I laughed. “Pretty much. That’s what being a stay-at-home mother feels like a lot of the time. But, no, actually I’m writing a book of logic puzzles for kids.” I surprised myself by telling her this. Hardly anyone knew about my little project, as I thought of it. I looked at it much like not telling anyone you’re pregnant until you get past the risky first trimester. I didn’t want everyone asking me about it if I failed to finish or publish the book. So why had I told Kat? Was I trying to show off?

Kat looked impressed. “Good for you.”

“What do you do?” I asked. I had already clocked her Louis Vuitton carry-on, her navy cashmere sweater, the diamond studs sparkling in her ears that I suspected were not cubic zirconia, like the pair I was wearing. If she was a stay-at-home mom, it was on a different level than the one I lived on. “You said you have kids?”

“Kid. One daughter, but she’s all grown up now. She’s premed at Vanderbilt. She obviously didn’t take after me, since I faint at the sight of blood.” Kat smiled. “I have an art gallery, which is probably about as far away from medicine as you can get.”

“Wow,” I said, intrigued. “What kind of art do you sell?”

“Mostly modern and contemporary, although my real passion is sculpture,” Kat said. “That’s why I came up to New York after Christmas. To tour some galleries, follow a few leads. Nothing panned out, but what are you going to do? How about you?
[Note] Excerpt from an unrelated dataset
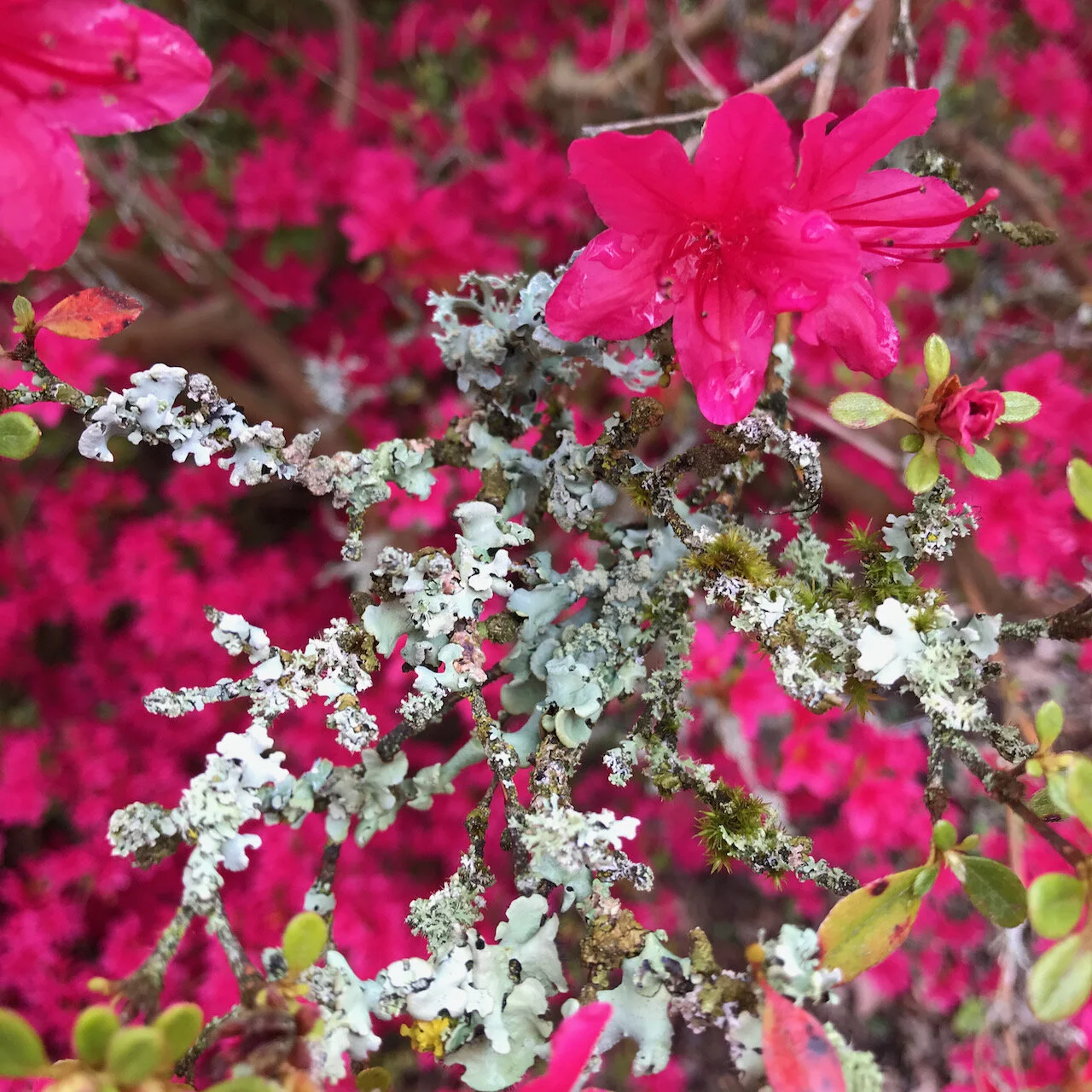 The only thing that could out-dazzle the rhododendrons was the lichen - so to get both, and plenty of it - no words! There was of course much more to see and these delicate succulents tumbling out of an urn were right at the start of our visit and it’s such a calming photo I had to include it here.

Were you staying in the city?”

“No, we were in Syracuse, visiting family,” I said.

“You’re smarter than me. I don’t know what I was thinking going to Manhattan on New Year’s.” Kat rolled her eyes. “The crowds were insane. I finally gave up and spent the last two days holed up in my hotel room, eating room service and watching reality TV, which I really don’t get at all. Why does anyone find watching grown women wearing far too much makeup, going to awkward social events and throwing temper tantrums entertaining? It’s so bizarre. And why would anyone want to have someone following her around, filming her? That would be my worst nightmare.”

Her trip sounded incredibly glamorous to me. The idea of having two days to myself to luxuriate in a posh hotel, ordering room service and watching mindless television shows sounded like sheer decadence. I couldn’t remember the last time I had traveled without my husband or children.
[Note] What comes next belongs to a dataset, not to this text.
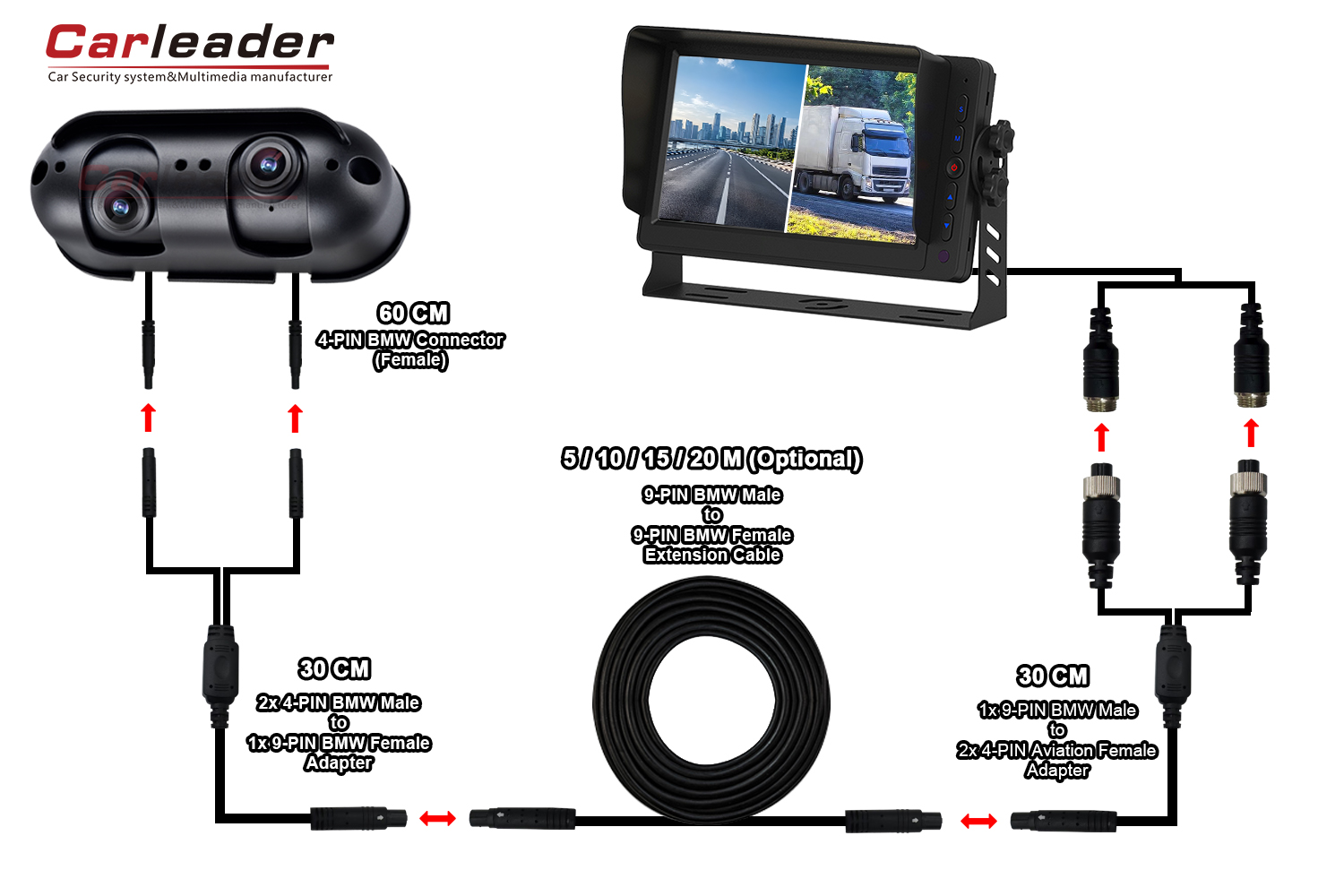 IP69KStarlight AHD Dual Lens Heavy Duty Reversing Camera, əla keyfiyyətli yeni dizayn edilmiş xüsusi alətli AHD kamera, bir kamerada ikili linza ilə inteqrasiya edilmiş və ayrıca tənzimlənən obyektiv bucağı, istifadəçiyə eyni monitorda həm yaxın, həm də uzaq məsafəyə baxmağa imkan verir.

“Total nightmare,” I agreed.

“Anyway—” Kat sighed and took a large sip of her drink “—New Year’s Eve is my least favorite holiday. I much prefer the cozy ones like Thanksgiving and Christmas, when you can curl up and relax at home all day.”

“Me, too,” I said, although I wasn’t sure about the relaxing part. Every year, the weeks that stretched from mid-October to late December devolved into a marathon of shopping, cooking, baking, sewing costumes and wrapping endless piles of presents, all while having to attend a never-ending series of school performances and holiday parties for every extracurricular activity the children were involved in.

There was another pause in our conversation as my children’s food arrived. A hamburger and fries for Liam, fried chicken tenders and fries for Bridget. Not a vegetable in sight. But then, my view on airport food was much like my view on airport electronics: anything goes. I took a moment to open Liam’s ketchup packs and cut Bridget’s chicken up with the dull plastic knife provided. By the time they were settled in, munching happily, and I turned back to Kat, she was grinning at me.

“What?” I asked.

“I just ordered us another round,” she said, tapping a short manicured nail against her martini glass.